Neuroplasticity is the brain's ability to change its structure and its function. Today, 75 to 90 per cent of hospital visits in the US and in other parts of the world is due to stress-related conditions. Inflammation is known to be the root of several chronic conditions, where the body is subject to a stressor, such as a physical injury or viral infection, but it responds by healing. The problem lies in many patients experiencing a sustained stress response that leads to ongoing inflammation persisting long after the initial trigger has gone.
Evidence and research suggest that through the continuation of stress responses, the brain, specifically the limbic system, can learn through neuroplasticity to protect the body. This has been used successfully for decades in clinical practices for neurocognitive rehabilitation.
Re-origin now applies those same principles and approaches through PRT therapy, CBT training, and interoceptive training, for example, to help people overcome anxiety, depression, and chronic inflammatory conditions. Self-directed neuroplasticity can teach people how to retrain the stress response in their brain, so they have control over the inflammation produced by the body.
The frequency of these exercise is lowering that inflammatory response, helping patients improve conditions such as chronic fatigue, fibromyalgia and COVID. In addition, neuroplasticity training has been used in overcoming chronic pain, or even regaining function to limbs that had previously been disconnected due to stroke or injury.
Tell us about the direction Re-origin is taking when it comes to becoming a vital part of the healthcare landscape, are there recent success stories of collaborations and partnerships with healthcare entities?

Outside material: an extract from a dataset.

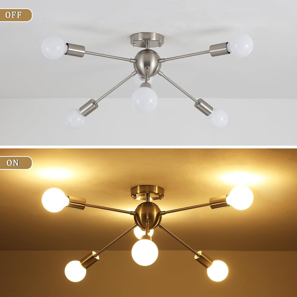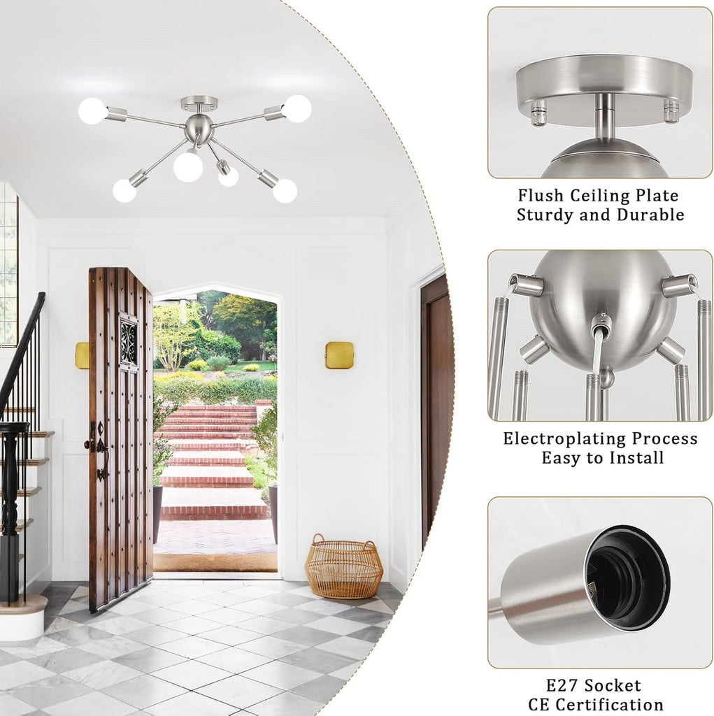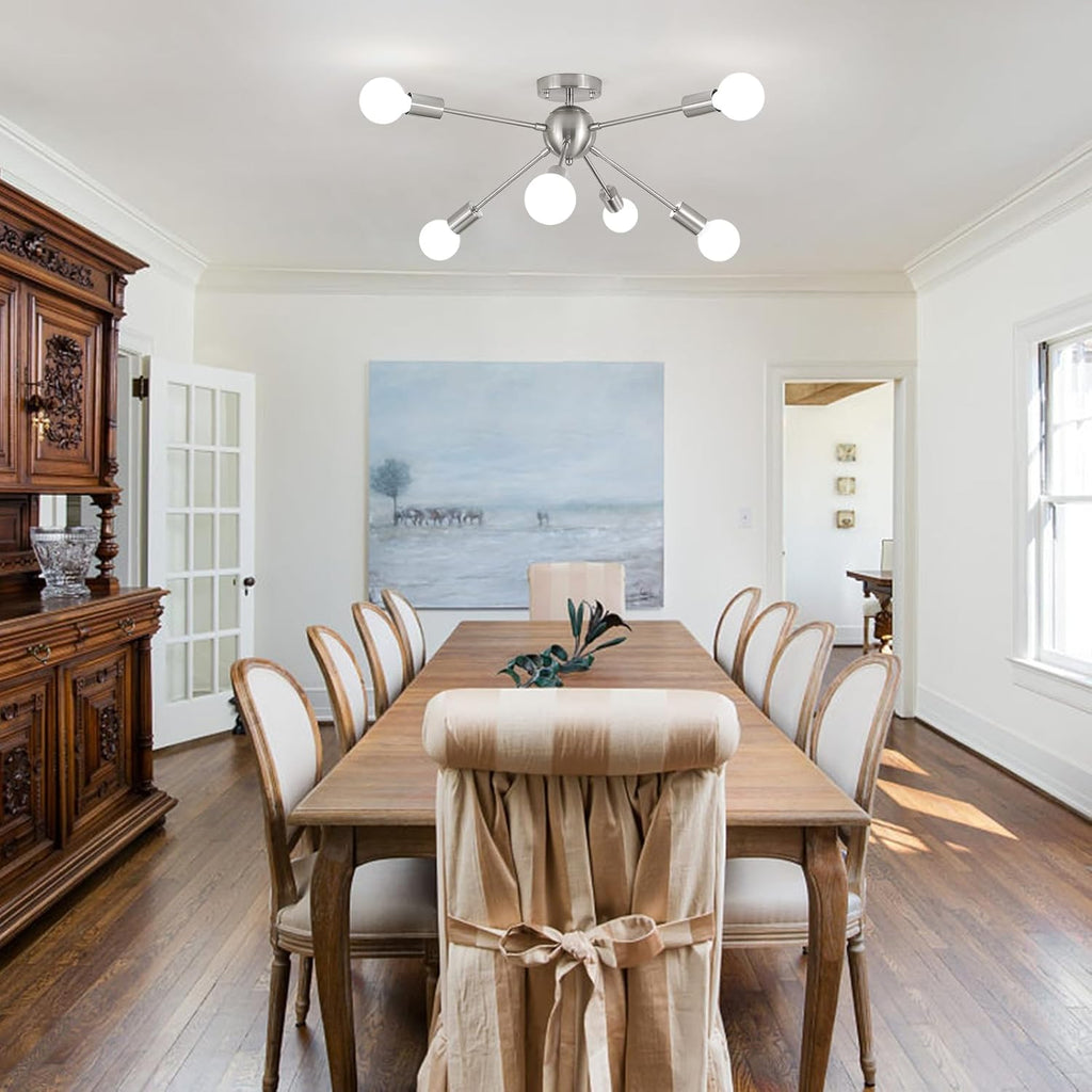 Our 6-light Sputnik ceiling light combines mid-century modern design with industrial style, making it a striking centerpiece for any home. Crafted from high-quality electroplated metal, this fixture is durable, rust-resistant, and built to last. Its chrome finish adds elegance, while the six adjustable arms provide bright, evenly distributed illumination across living rooms, bedrooms, kitchens, dining rooms, or hallways. Compatible with E27 bulbs (LED, Edison, CFL, halogen, or incandescent, max 60W each), this chandelier is also dimmable when paired with dimmable bulbs and a compatible dimmer switch (not included). Measuring 62.5 cm in length and 22.5 cm in height, it fits beautifully in both modern and transitional interiors. Easy to assemble with included hardware, this semi-flush mount light delivers both functionality and timeless design.

In the past, certain conditions that were a result of complex chronic illnesses fell into the category of mystery ailments. Many patients saw the Re-origin program as a last resort when conventional medicine could not provide a permanent solution. More physicians are collaborating with us and offering the program to their patients as a first response and, in some instances, in conjunction with their treatment.
The program supports by identifying and interrupting the inflammatory processes and patterns that take place in the body. It replaces those inflammatory responses with our parasympathetic responses, which is our body's natural healing state.
We are working with a handful of PhD neuroscientists and clinical psychologists to gather more clinical data with the goal of having Re-origin's approach become the first response, as opposed to being the last resort for conditions like long COVID, chronic fatigue, pain syndrome, as well as treatment-resistant anxiety and depression.
How does the rewiring phenomenon work? Does it help address the cause of long COVID?
The brain can make a neurological association between stress and inflammatory activity. Even after a long period since the body has cleared the virus, it can learn that those symptoms or similar resembling symptoms of COVID can be dangerous and perpetuate an inflammatory response.
Some patients tend to have persisting flu symptoms after COVID recovery and those inflammatory processes are often triggered by actions such as running up a flight of steps, mimicking the same type of symptomology they experienced when they were ill.
The brain creates these associations to learn from the past to protect us in the future. The issue is that it may not receive the right messages. With neuroplasticity programmes, the goal is to start to retrain the brain to ultimately reclassify those symptoms and experiences from threatening to non-threatening. Our bodies can then experience everyday activities and register experiences like fatigue, headache, even brain fog to some extent, shortness of breath, but without necessarily triggering that overactive immune response.
Conditions like Long COVID and post-viral fatigue have a certain "learned component" which through self-directed neuroplasticity can be unlearned, and ultimately, undone.